The feeling of someone pressed right up against me is the first thing I feel as I make my way out of unconsciousness. I’m vaguely aware of the sound of birds chirping outside of the window and the smell of coconut and lime that is oddly familiar. Still somewhat out of it, I reach for the smell, expecting to be hit with a wave of nostalgia as I submerge my face in my late wife’s pillow. It’s the conditioner she used and there were many mornings I submerged my face in her hair and took deep breaths. However, instead of a soft satin pillow, I find a warm body instead.
My eyes fly open as my mind catches up with my body and I realize that Stassia is pressed up against me sleeping soundly. I’ve been lying on my back and her back is pressed directly against my side, so it isn’t super sexual but uncomfortable enough that she’s here given that she’d never shared a bed with me before.Ever.She’s still wearing her sweatpants and sweatshirt and I’m grateful she didn’t shed any clothes during the night.

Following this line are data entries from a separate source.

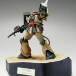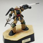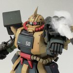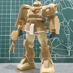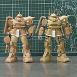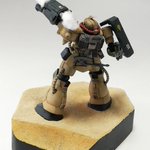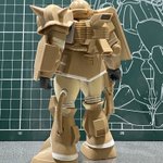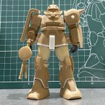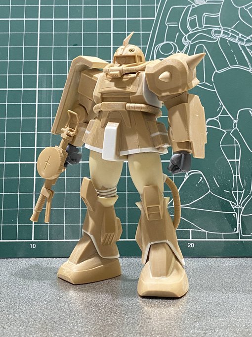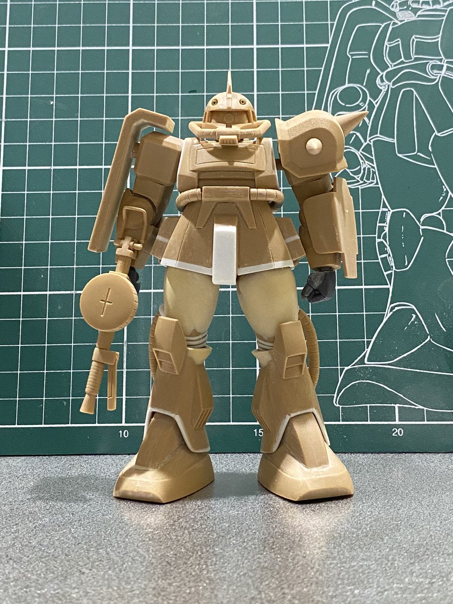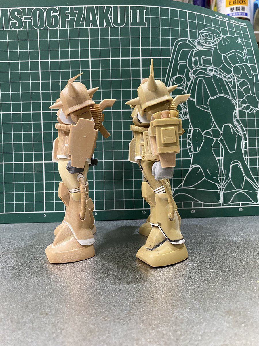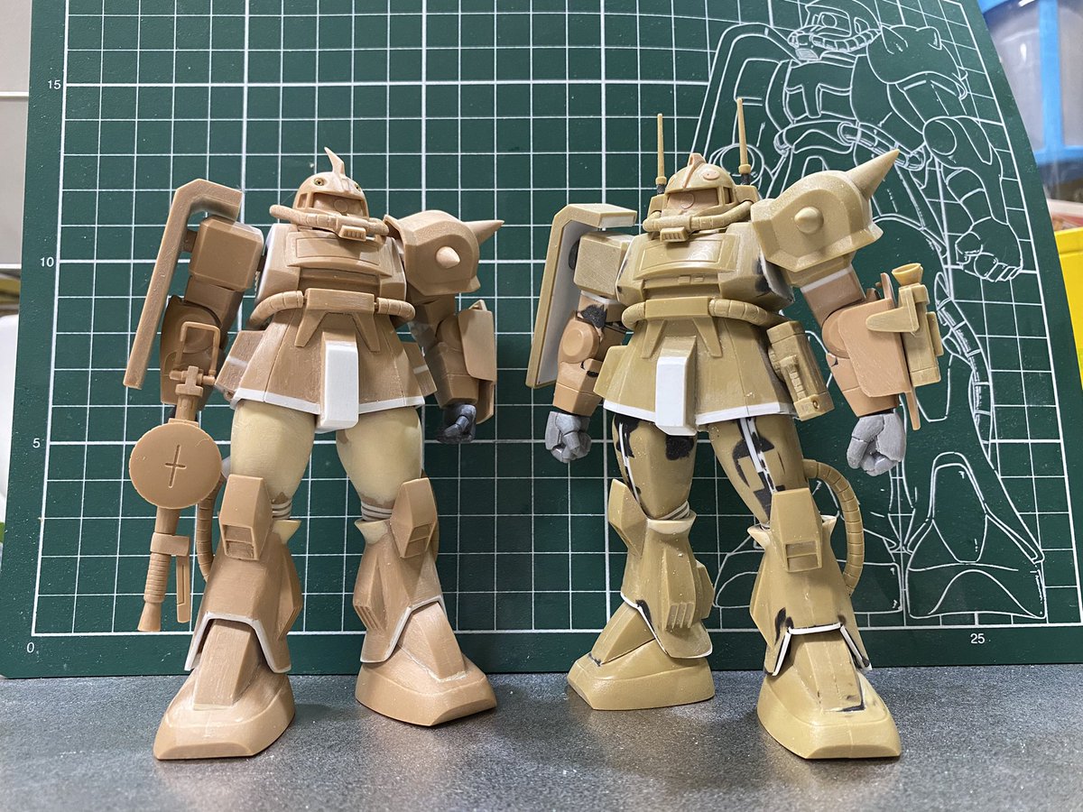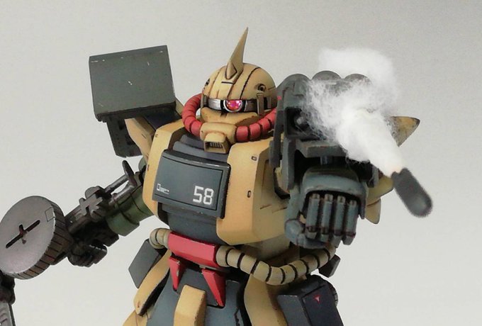 #白背景でも撮ってみた カラーレシピは引用元に😭 両肩をスパイク化、寄せ集めパーツで左前腕にショートバレルガトリング😭 缶スプレー×マスキングシートによるスプリッター迷彩・・・実は上腕と太腿だけ色の組み合わせが違います😏 #ガンプラ #GUNPLA #HGTO #ザク #デザートタイプ #砂ザク twitter.com/gajumaru_museu…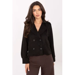 Krátký semišový kabát je stylovou nabídkou v casual stylu, ideální na každý den i do práce. Vyrobený z polyesterové směsi a elastanu spojuje pohodlí s elegantním vzhledem. Dvojitý řadový knoflíkový zapínání a límec sáčka mu dodávají klasický charakter. Ramenní náplety zdůrazňují moderní, trochu vojenský styl. Hladký vzor a krátká délka dělají kabát skvěle sladitelný s různými stylizacemi. Dlouhý rukáv ho činí praktickou volbou na chladnější dny podzim/zima/jaro. Přechodný model bez podšívky, skvělý jako lehký vrchní oděv. Jedná se o univerzální kabát, který spojuje jednoduchost s elegancí a skvěle doplní každodenní stylizace.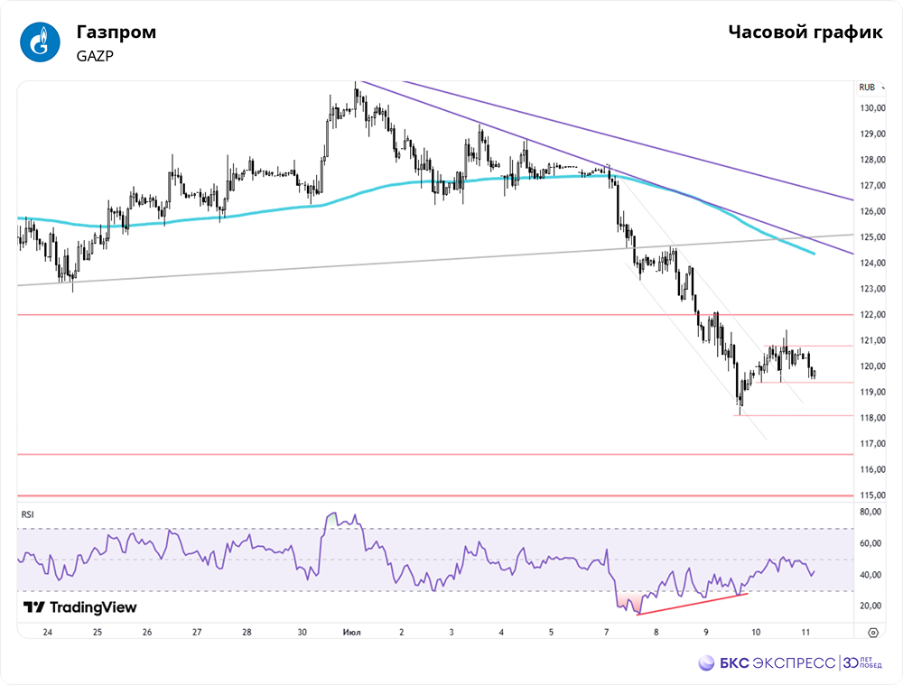 Почему акции Газпрома могут снизиться до 115–116 рублей: технический обзор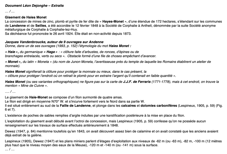 Aux pages 59 à 63 de sa publication de 1905, Georges Lespineux décrit les gisements de Haies Monet et du Roua.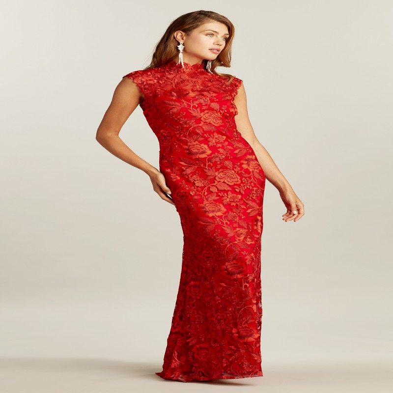 This gown’s elaborate, signature embroidery enjoys a sophisticated luster. The form-skimming silhouette is designed with a high collar, illusion neckline, and a tulle-lined open back. Fitted jersey lining. Approx. Length from High Point Shoulder to Hem is 62" Measurements are taken from size 8 / M Dry Clean Imported If you are unfamiliar with our sizing, we suggest you refer to our Size Guide to find your best fit.

I sit up slightly, trying my best not to wake her and slip out of bed unnoticed.Thank God, Stassi sleeps like the dead.After I relieve myself and brush my teeth, I head down the stairs to make us some breakfast, disallowing my brain to unpack the fact that my dick was semi-hard when I woke up. I know that it’s a completely normal thing for men and it probably has nothing to do with the fact that Stassi was in bed with me.
Probably.
The thought I’ve been ignoring makes me groan as I pull the bacon out of the fridge. I turn on the Keurig and start preparing the cup when my phone rings. It’s only eight a.m., so I can already guess who it is, probably coming in from his morning swim.

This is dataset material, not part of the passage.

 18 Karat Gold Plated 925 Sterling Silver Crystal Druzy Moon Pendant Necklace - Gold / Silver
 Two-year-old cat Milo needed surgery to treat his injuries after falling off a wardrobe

“Why do you insist on calling me at eight in the morning? You’re lucky I was already up.” I roll my eyes at my younger brother Seth. He’s eight years younger than me but acts more like he’s twenty years younger than me. He’s still single, no kids, and if I can recall, he’s never had a serious relationship. A slew of one night stands, yes, but I can’t remember the last time he entertained a woman for longer than a few weeks. Swimming has been his life from a young age and he even almost made it to the Olympics, but another guy from Maryland kind of had the lock on that the year he was close. He never let it sway his passion though, and I commend him for not being bitter about it. He still swims every day, sometimes more than once depending on his schedule.

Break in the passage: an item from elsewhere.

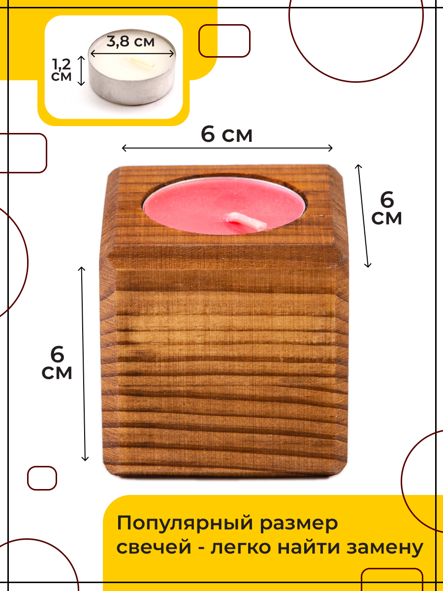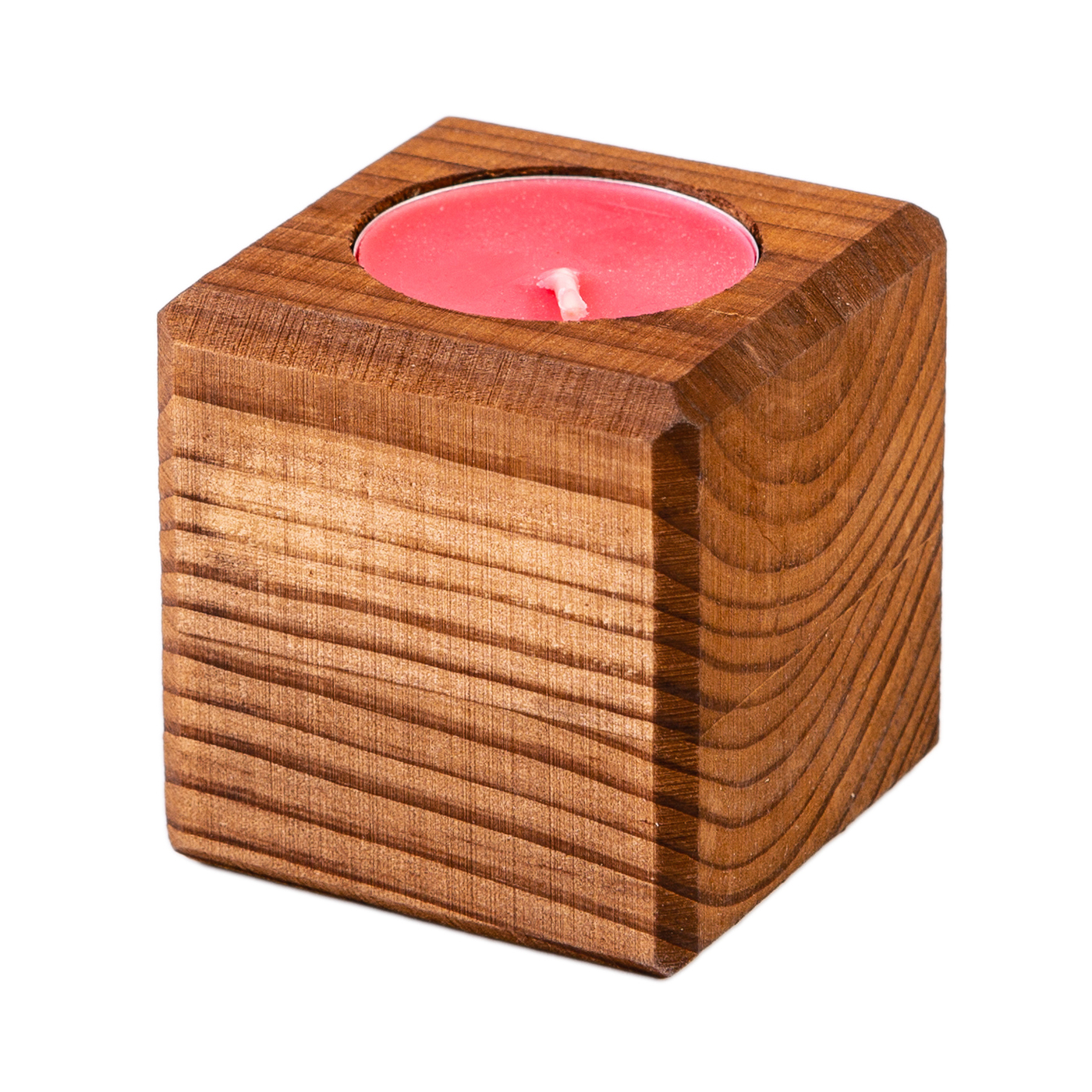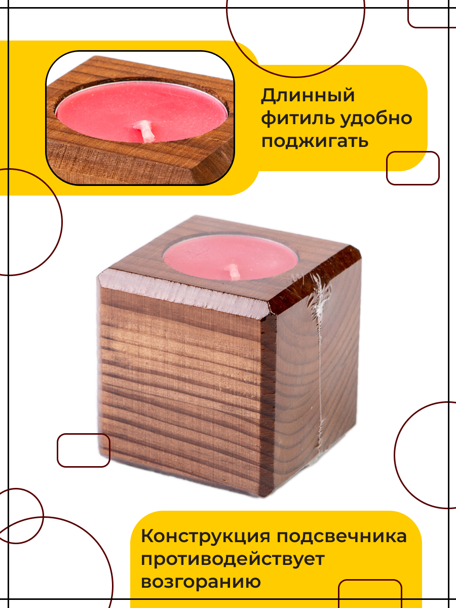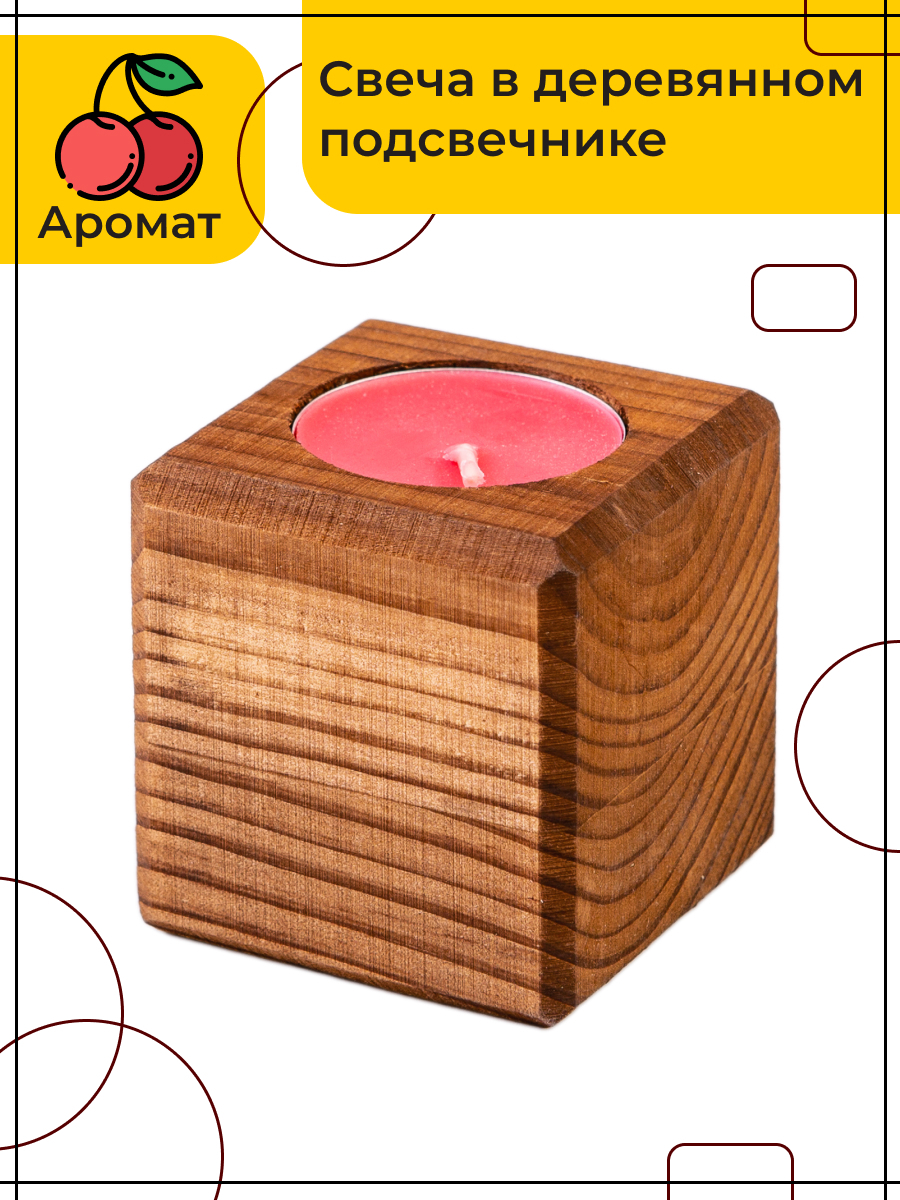 Свеча в деревянном подсвечнике 6 х 6 см., аромат Вишня, OKTAUR

Stanford University is the best division one swimming college in the country, and they essentially broke down our door his junior year to get to him. He went and received an Ivy League education for free. Once swimming on the professional level didn’t pan out, he’d gotten a job at a recruiting firm and has been there since, climbing his way up the ranks to senior vice president. He now lives in Florida because “fuck that Maryland weather.”
“Some people have to work on Saturdays, dickhead, and I wanted to check on my big brother. Shit.”
I can’t ignore the smile that finds my face at my well-meaning little brother. I have one brother and one sister and I’m close with both, but only my brother dropped everything when Angela died. My sister, Elle, was in med school at Princeton and under a rigorous schedule, so she couldn’t make it. She swore she’d come visit this summer, but she’s as flakey as she is busy, so I’m not counting on it.
“I’m good,” I tell him.
“You sure?” I can hear the concern in his voice. “You don’t sound good.”
“I’ve been up twenty minutes. Sorry I haven’t already swum eight miles and had breakfast,” I joke.